Deep Object Filter - Solution & Explanation

Problem Overview: Deep Object Filter asks you to recursively process a nested structure (objects and arrays) and remove values that do not satisfy a predicate function fn. Primitive values are checked directly with the predicate, while arrays and objects must be traversed deeply so that only valid elements remain in the final structure.

Approach 1: Recursive DFS Traversal (O(n) time, O(h) space)

The most natural solution treats the input as a tree of values and performs a depth‑first traversal. If the current value is an array, iterate through each element, recursively filter it, and keep only the results that are still valid. If the value is an object, iterate through its keys and recursively filter each property, deleting keys whose filtered result is invalid. For primitives, simply evaluate fn(value) and return the value only when the predicate passes. This approach processes each node exactly once, giving O(n) time complexity where n is the number of values in the structure, and O(h) recursion stack space where h is the maximum nesting depth. This pattern is common in problems involving recursion and nested data traversal.

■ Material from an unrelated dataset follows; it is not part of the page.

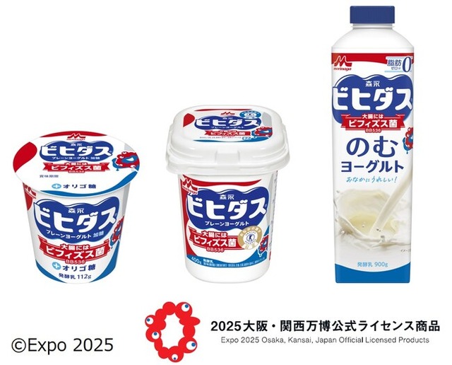 森永乳業は、2025年日本国際博覧会(以下、大阪・関西万博)の“大阪ヘルスケアパビリオン”にて、「ビフィズス菌でスーパーヒューマン」を展示テーマに出展します。このたび、開催期間中の機運を醸成したいという想いから、大阪・関西万博の公式キャラクター「ミャクミャク」がパッケージにデザインされた、「ビヒダス ヨーグルト」シリーズのうち3品を4月14日(月)週より順次、全国で期間限定発売します。

Approach 2: Iterative Stack Traversal (O(n) time, O(n) space)

You can replace recursion with an explicit stack to simulate depth‑first traversal. Push the root node onto a stack along with a reference to its parent container. While the stack is not empty, pop a node, inspect its type, and process arrays or objects by pushing their children back onto the stack. After evaluating children, remove entries that fail the predicate or become empty after filtering. This avoids recursion depth limits and can be easier to control in environments where stack overflow is a concern. The algorithm still visits every element once, resulting in O(n) time complexity and up to O(n) auxiliary space for the stack and intermediate references. The traversal pattern is similar to iterative depth-first search used for tree structures.

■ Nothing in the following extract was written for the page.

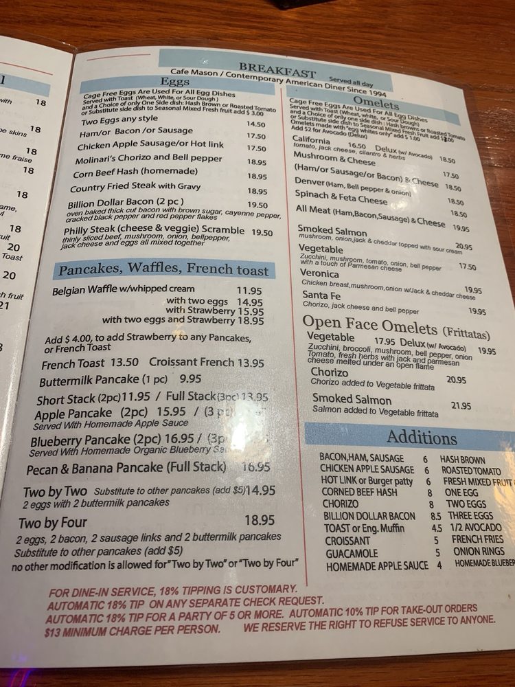 Cafe Mason offers an array of options, including vegan and vegetarian dishes, making it an inclusive choice for diverse diets. Highlights of the menu include classic pancake stacks, flavorful omelets, and crispy hash browns, all served promptly in a relaxed setting. Renowned for its friendly service, patrons rave about their satisfying experiences, whether indulging in breakfast staples or enjoying happy hour specials with beer and wine.

Recommended for interviews: The recursive DFS approach is what most interviewers expect. It shows you understand how to traverse nested data structures and apply transformations during recursion. Mentioning the iterative stack variant demonstrates deeper understanding of traversal mechanics and recursion limits. If the discussion touches JavaScript behavior, highlighting how arrays and objects are processed differently in JavaScript can also strengthen your explanation.